**Problem to work on:** Each line below from the one containing "本实用新型公开了一种生产清洁" through the one containing "실제로 UObject 클래스" should be output exactly as it stands, and no other line should appear.
START Provided entries
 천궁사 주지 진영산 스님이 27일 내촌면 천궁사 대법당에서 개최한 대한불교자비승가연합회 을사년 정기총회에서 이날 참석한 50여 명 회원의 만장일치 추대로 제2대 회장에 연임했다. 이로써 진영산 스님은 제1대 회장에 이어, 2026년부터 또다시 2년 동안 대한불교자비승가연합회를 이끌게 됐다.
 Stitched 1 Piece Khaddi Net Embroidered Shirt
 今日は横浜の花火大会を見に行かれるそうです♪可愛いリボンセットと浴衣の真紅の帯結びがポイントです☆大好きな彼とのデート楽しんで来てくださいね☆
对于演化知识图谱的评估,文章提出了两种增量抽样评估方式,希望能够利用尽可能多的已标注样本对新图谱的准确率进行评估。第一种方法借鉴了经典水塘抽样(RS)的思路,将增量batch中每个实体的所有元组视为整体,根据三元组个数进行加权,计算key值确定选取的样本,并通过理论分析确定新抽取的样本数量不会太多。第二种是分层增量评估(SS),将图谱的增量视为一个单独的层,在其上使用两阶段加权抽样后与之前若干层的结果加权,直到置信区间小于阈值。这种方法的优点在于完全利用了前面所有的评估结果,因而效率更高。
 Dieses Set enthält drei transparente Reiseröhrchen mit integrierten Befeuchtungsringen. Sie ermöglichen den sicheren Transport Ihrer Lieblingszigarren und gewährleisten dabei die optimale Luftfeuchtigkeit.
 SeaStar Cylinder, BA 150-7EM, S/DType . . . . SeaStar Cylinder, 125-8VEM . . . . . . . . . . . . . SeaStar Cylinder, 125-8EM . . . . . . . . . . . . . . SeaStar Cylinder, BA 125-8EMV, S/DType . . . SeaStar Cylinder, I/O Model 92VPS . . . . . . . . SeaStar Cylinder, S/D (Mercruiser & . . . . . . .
END Provided entries
START Provided entries
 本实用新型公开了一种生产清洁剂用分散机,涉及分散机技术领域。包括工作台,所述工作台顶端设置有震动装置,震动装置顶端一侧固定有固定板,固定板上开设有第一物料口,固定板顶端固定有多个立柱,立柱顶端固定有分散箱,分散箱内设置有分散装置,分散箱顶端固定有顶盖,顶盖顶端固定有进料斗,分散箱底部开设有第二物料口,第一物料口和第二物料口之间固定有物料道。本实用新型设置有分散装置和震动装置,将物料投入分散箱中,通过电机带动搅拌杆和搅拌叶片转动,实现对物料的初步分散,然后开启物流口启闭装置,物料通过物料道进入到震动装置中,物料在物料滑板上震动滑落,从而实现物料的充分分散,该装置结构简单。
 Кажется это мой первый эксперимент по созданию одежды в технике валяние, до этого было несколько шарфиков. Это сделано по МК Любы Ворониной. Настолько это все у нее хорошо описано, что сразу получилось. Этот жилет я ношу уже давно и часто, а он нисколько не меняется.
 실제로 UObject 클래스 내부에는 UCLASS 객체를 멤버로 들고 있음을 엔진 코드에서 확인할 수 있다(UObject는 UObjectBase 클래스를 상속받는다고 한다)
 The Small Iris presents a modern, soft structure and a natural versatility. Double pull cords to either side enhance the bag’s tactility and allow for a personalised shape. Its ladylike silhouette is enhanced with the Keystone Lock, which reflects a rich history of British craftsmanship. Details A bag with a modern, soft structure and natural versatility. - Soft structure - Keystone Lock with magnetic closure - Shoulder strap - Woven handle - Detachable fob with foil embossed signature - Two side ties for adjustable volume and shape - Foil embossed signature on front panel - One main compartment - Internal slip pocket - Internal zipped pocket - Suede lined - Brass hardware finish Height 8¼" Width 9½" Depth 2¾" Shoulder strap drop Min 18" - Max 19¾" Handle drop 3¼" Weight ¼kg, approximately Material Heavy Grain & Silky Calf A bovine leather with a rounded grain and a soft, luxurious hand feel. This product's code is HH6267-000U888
END Provided entries
**Your response:**
 本实用新型公开了一种生产清洁剂用分散机,涉及分散机技术领域。包括工作台,所述工作台顶端设置有震动装置,震动装置顶端一侧固定有固定板,固定板上开设有第一物料口,固定板顶端固定有多个立柱,立柱顶端固定有分散箱,分散箱内设置有分散装置,分散箱顶端固定有顶盖,顶盖顶端固定有进料斗,分散箱底部开设有第二物料口,第一物料口和第二物料口之间固定有物料道。本实用新型设置有分散装置和震动装置,将物料投入分散箱中,通过电机带动搅拌杆和搅拌叶片转动,实现对物料的初步分散,然后开启物流口启闭装置,物料通过物料道进入到震动装置中,物料在物料滑板上震动滑落,从而实现物料的充分分散,该装置结构简单。
 Кажется это мой первый эксперимент по созданию одежды в технике валяние, до этого было несколько шарфиков. Это сделано по МК Любы Ворониной. Настолько это все у нее хорошо описано, что сразу получилось. Этот жилет я ношу уже давно и часто, а он нисколько не меняется.
 실제로 UObject 클래스 내부에는 UCLASS 객체를 멤버로 들고 있음을 엔진 코드에서 확인할 수 있다(UObject는 UObjectBase 클래스를 상속받는다고 한다)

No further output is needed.